Bar chart showing coworking operator distribution in the largest 50 US markets for Q2 2025 vs. Q1 2025. Regus leads with 920 locations in Q2, followed by HQ (250), Industrious (163), Spaces (150), and WeWork (150). All operators show slight to moderate growth compared to Q1.
Bar chart showing nationwide coworking operator distribution for Q2 2025 vs. Q1 2025. Regus remains the dominant player with 1,141 locations in Q2, followed by HQ (319), Spaces (164), Industrious (159), and WeWork (150). Overall growth is visible across most major operators.
  • Regus: Added 68 locations in Q2, totaling 1,141, with strong penetration in both major metros and secondary markets.
  • HQ: Expanded by 14% to 319 locations, focusing on suburban and mid-sized city demand.
  • Industrious and Spaces: Continued steady growth.
  • WeWork: Stabilized with a 1% uptick amid ongoing restructuring.

These shifts highlight a maturing industry where strategic positioning and operational optimization now outweigh sheer expansion.

Coworking Matures Into A Smarter Growth Phase

Q2 2025 marks a critical turning point in the coworking industry. No longer in hypergrowth, operators are consolidating, optimizing, and targeting sustainable markets. From premium hubs in Manhattan to rising stars like Birmingham and Long Island, the future of flexible office space is all about right-sizing and regional smarts.

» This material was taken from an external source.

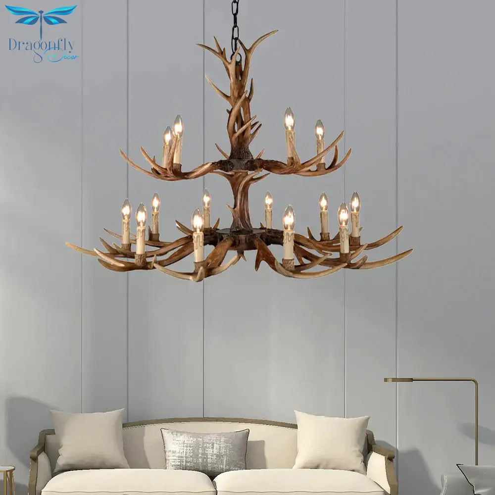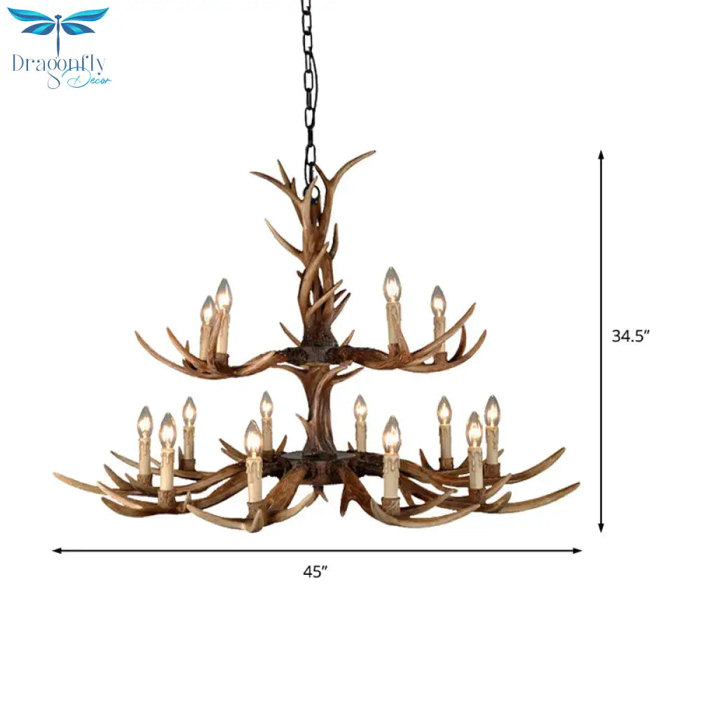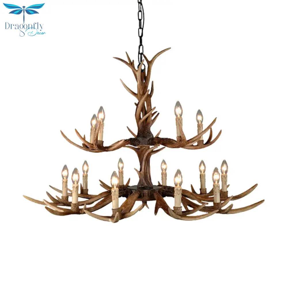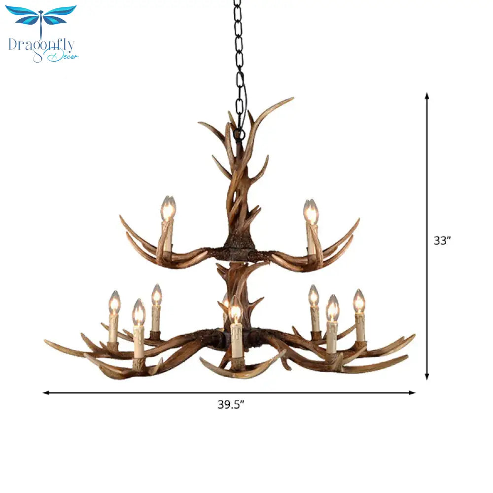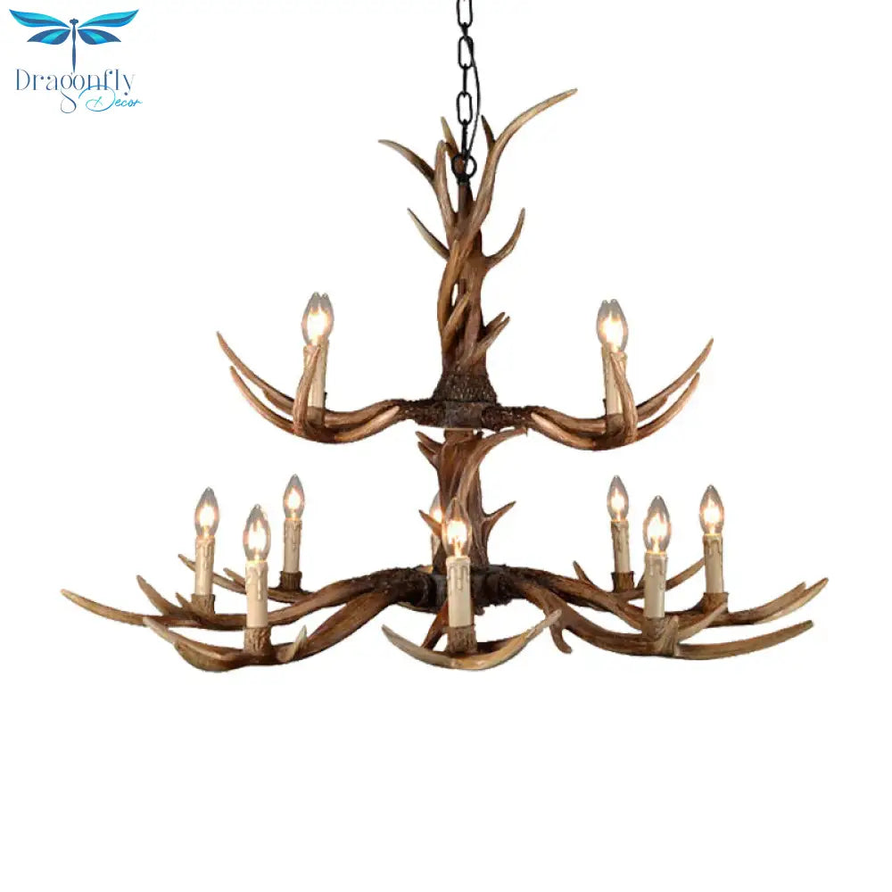 Countryside Faux Antler Hanging Pendant 6/8/10 Lights Resin Ceiling Chandelier in Brown for Living Room

Market conditions remain in flux, and hybrid work trends continue to evolve. As a result, further strategic shifts are expected in the coming months. Operators will likely redefine how they approach value, location, and long-term resilience.

Looking Ahead

 As demand recalibrates, look for:

  • More strategic mergers and exits by smaller operators
  • Increased investment in amenity-driven design and tech-forward spaces
  • Continued shift toward commuter-friendly, regional markets with scalable potential

The coworking race is no longer about who has the most space—it’s about who has the right space.